How Our AI Summarization Pipeline Works
A technical look at how CandleForrest extracts structured trading strategies from YouTube videos using yt-dlp and GPT-4o-mini.
The Pipeline
When you submit a YouTube URL, a lot happens behind the scenes in a few seconds. Here's the full pipeline:
1. Metadata Extraction
We use yt-dlp to fetch video metadata — title, description, channel name, thumbnail, duration, and channel URL. No YouTube API key needed. yt-dlp scrapes it directly.
2. Transcript Fetching
yt-dlp also grabs the auto-generated English subtitles in VTT format.
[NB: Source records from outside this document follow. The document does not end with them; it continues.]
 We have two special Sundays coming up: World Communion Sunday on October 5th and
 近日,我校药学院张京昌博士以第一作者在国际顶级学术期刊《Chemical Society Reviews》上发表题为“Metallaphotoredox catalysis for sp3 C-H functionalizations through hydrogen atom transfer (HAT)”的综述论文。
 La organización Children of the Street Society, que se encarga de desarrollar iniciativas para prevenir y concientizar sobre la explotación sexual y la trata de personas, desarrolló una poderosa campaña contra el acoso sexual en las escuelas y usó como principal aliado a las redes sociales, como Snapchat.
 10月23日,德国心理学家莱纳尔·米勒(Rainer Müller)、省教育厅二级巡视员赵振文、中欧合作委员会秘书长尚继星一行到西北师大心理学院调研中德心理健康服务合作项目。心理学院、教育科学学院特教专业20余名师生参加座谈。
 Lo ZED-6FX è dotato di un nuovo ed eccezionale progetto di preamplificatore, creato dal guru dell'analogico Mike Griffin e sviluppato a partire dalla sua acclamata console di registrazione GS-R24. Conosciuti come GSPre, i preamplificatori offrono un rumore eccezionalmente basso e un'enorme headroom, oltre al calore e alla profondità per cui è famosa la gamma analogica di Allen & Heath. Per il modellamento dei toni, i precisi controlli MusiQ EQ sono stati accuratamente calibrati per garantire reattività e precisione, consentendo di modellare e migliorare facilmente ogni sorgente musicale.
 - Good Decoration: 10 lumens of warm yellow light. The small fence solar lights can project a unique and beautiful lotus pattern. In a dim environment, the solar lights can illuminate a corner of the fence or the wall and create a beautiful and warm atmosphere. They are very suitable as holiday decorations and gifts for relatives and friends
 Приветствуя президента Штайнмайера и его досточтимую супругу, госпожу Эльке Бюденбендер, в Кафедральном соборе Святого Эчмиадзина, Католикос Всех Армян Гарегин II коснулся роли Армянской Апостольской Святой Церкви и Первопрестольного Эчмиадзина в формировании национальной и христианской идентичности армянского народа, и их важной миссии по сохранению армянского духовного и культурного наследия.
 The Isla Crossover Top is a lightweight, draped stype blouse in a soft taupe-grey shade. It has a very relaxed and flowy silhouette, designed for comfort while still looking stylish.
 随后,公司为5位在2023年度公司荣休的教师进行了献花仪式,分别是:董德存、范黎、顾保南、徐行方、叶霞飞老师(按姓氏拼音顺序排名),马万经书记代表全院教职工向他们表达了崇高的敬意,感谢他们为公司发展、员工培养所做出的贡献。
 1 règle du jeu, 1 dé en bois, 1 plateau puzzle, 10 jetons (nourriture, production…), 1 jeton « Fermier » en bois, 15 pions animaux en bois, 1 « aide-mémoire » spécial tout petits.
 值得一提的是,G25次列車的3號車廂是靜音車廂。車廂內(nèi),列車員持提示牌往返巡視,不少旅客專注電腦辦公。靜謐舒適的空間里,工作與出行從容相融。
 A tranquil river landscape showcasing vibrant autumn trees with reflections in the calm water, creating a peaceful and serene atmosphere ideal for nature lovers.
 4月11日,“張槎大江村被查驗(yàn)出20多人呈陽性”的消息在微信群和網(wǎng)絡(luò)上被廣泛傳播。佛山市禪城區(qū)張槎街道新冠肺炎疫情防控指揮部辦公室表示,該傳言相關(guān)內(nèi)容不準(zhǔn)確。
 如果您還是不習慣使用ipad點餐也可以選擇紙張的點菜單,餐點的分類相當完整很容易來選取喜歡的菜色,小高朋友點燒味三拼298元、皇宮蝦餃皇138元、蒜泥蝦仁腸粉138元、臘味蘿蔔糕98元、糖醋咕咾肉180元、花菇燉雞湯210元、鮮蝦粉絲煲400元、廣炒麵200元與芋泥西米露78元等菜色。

We clean the raw VTT by:
- Stripping timestamps and formatting tags
- Deduplicating consecutive identical lines (YouTube's auto-captions repeat a lot)
- Producing clean plain text
3. AI Summarization
The cleaned transcript goes to GPT-4o-mini via OpenAI's API with Instructor for structured outputs. We ask for:
- A concise summary of the strategy
- Tags for categorization (normalized via our synonym map)
- A containsStrategy boolean — if false, the submission is rejected
4. Strategy Step Extraction
A second LLM call extracts structured strategy steps:
- Setup conditions — what market state triggers the strategy
- Entry signal — the specific trigger to enter a trade
- Exit / take profit — when and how to close
- Stop loss & risk — risk management rules
- Indicators, timeframes, and markets — the technical context
5. Channel Resolution
We also create or update a channel record — scraping the YouTube channel page for the real profile picture, follower count, and handle.
Why Not Use the YouTube API?
The YouTube Data API requires API keys, has strict quotas, and doesn't provide transcripts. yt-dlp gives us everything we need with zero configuration and no rate limits for our scale.
Tag Normalization
We maintain a synonym map of ~80 entries that normalizes common variations:
- "moving average", "MA", "SMA", "EMA" →
moving-averages - "support and resistance", "S/R", "support/resistance" →
support-resistance - "risk reward", "R:R", "risk-to-reward" →
risk-management
This keeps the tag filter clean and ensures related strategies cluster together.
What Could Go Wrong
The AI isn't perfect. Auto-generated transcripts can be noisy, especially for videos with heavy jargon or non-native speakers. That's why every strategy card shows a disclaimer: "AI-generated summary — watch the original video before trading this strategy."
Verified strategies (manually reviewed) get the disclaimer removed.